*Work item*
Pictures stay out; print the rest of the listing below exactly as it stands.

*Material provided*
------------------------

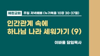 저녁예배 / 이바울 담임목사 / 인간관계 속에 하나님 나라 세워가기 (9)
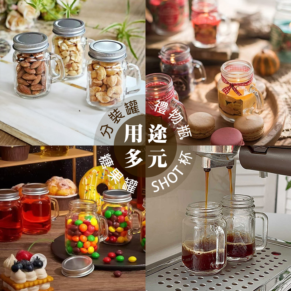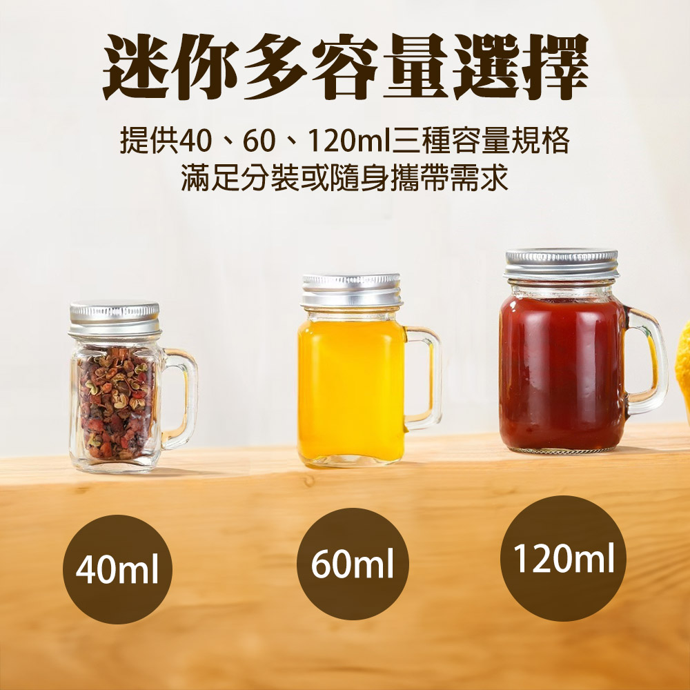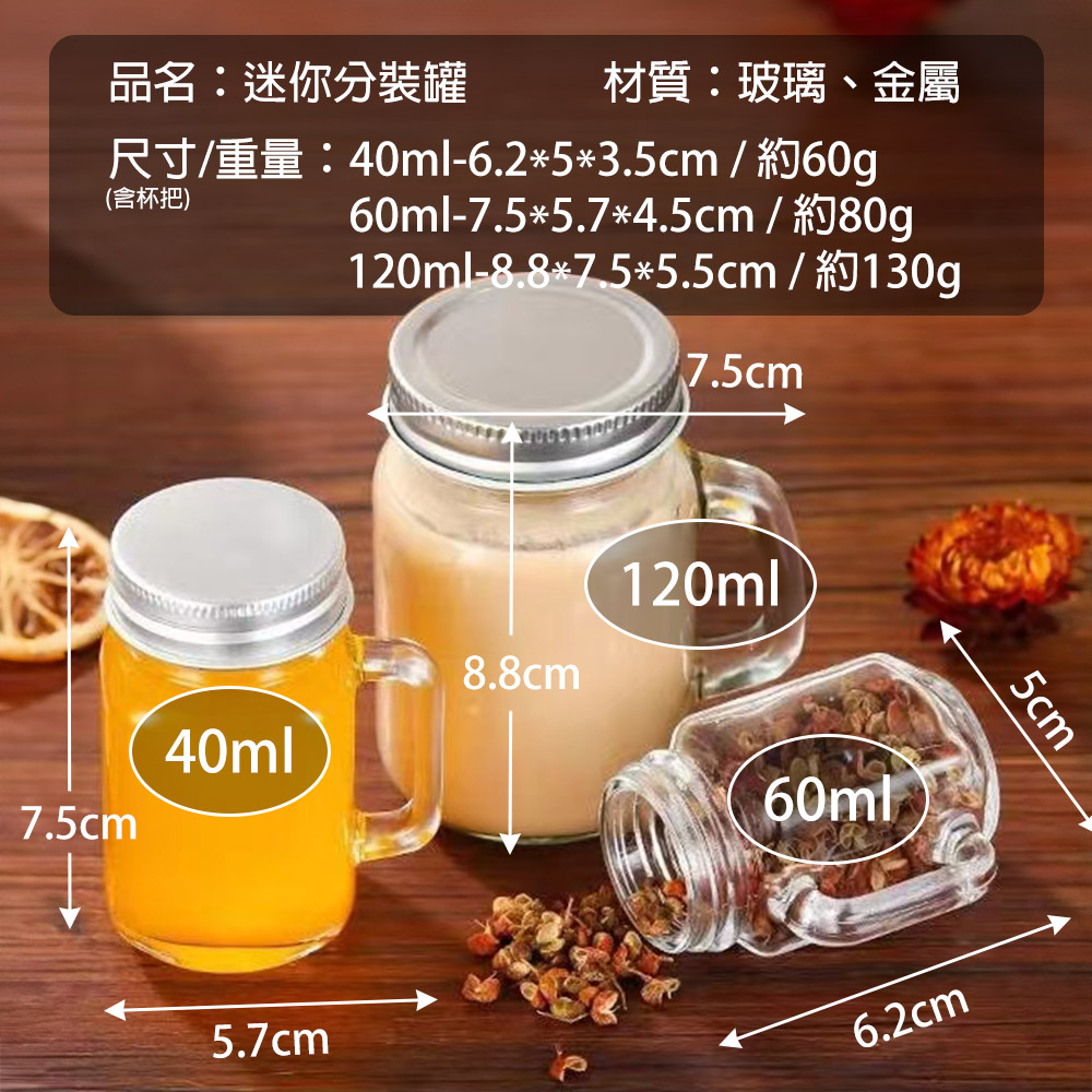 迷你梅森杯玻璃分裝瓶【40ml/60ml/120ml】 迷你分裝瓶 迷你玻璃瓶 40ml 60ml 120ml 梅森杯 玻璃分裝瓶 濃縮咖啡杯 香料罐 醬料杯 堅果罐 一口杯
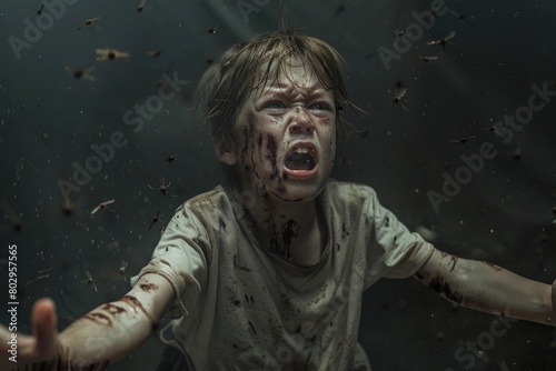 A child with blood all over their face. Suitable for horror or Halloween themes
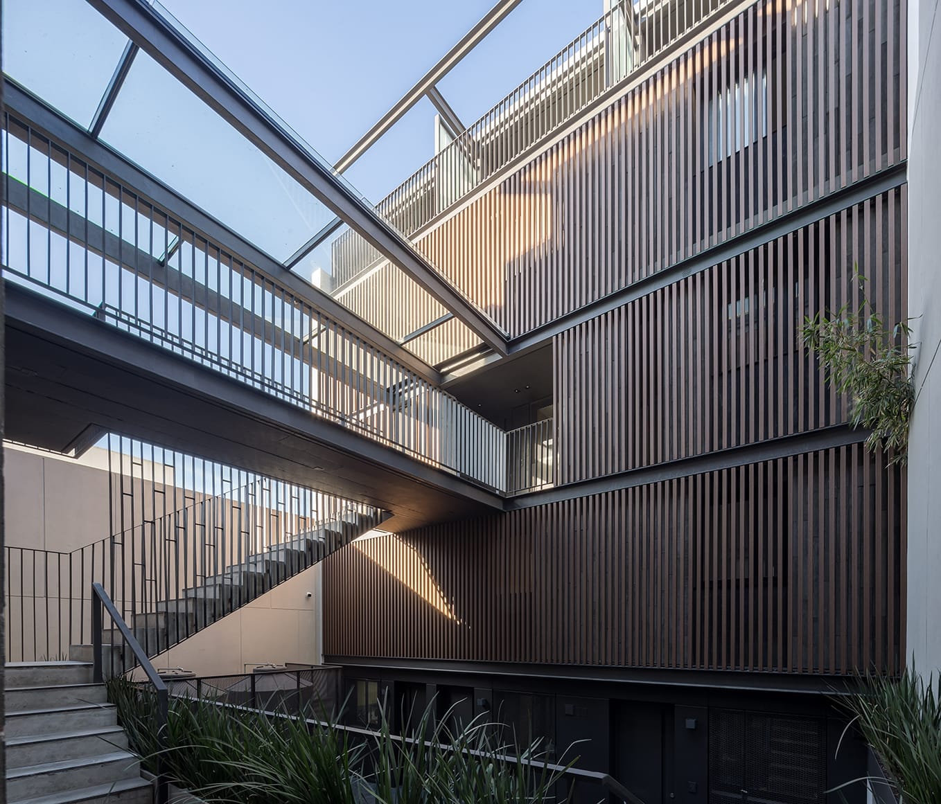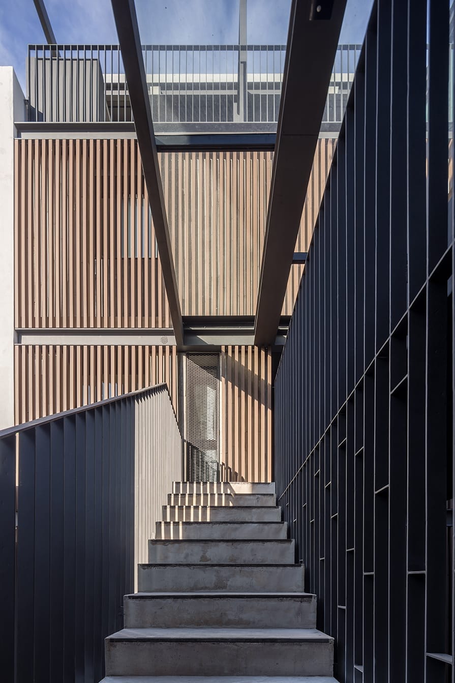 El uso del hormigón y el vidrio como elementos estructurales y de revestimiento aporta una estética moderna y vanguardista al edificio. Los bloques de hormigón, contenidos en vidrio, generan una sensación de solidez y estabilidad, mientras que los elementos verticales a forma de cortasoles de madera añaden un toque de calidez y elegancia al conjunto. Estos parasoles no solo generan transparencias y permiten el paso de la luz natural, sino que también otorgan seguridad y privacidad a los espacios interiores.

------------------------

*Expected answer*
 저녁예배 / 이바울 담임목사 / 인간관계 속에 하나님 나라 세워가기 (9)
 迷你梅森杯玻璃分裝瓶【40ml/60ml/120ml】 迷你分裝瓶 迷你玻璃瓶 40ml 60ml 120ml 梅森杯 玻璃分裝瓶 濃縮咖啡杯 香料罐 醬料杯 堅果罐 一口杯
 A child with blood all over their face. Suitable for horror or Halloween themes
 El uso del hormigón y el vidrio como elementos estructurales y de revestimiento aporta una estética moderna y vanguardista al edificio. Los bloques de hormigón, contenidos en vidrio, generan una sensación de solidez y estabilidad, mientras que los elementos verticales a forma de cortasoles de madera añaden un toque de calidez y elegancia al conjunto. Estos parasoles no solo generan transparencias y permiten el paso de la luz natural, sino que también otorgan seguridad y privacidad a los espacios interiores.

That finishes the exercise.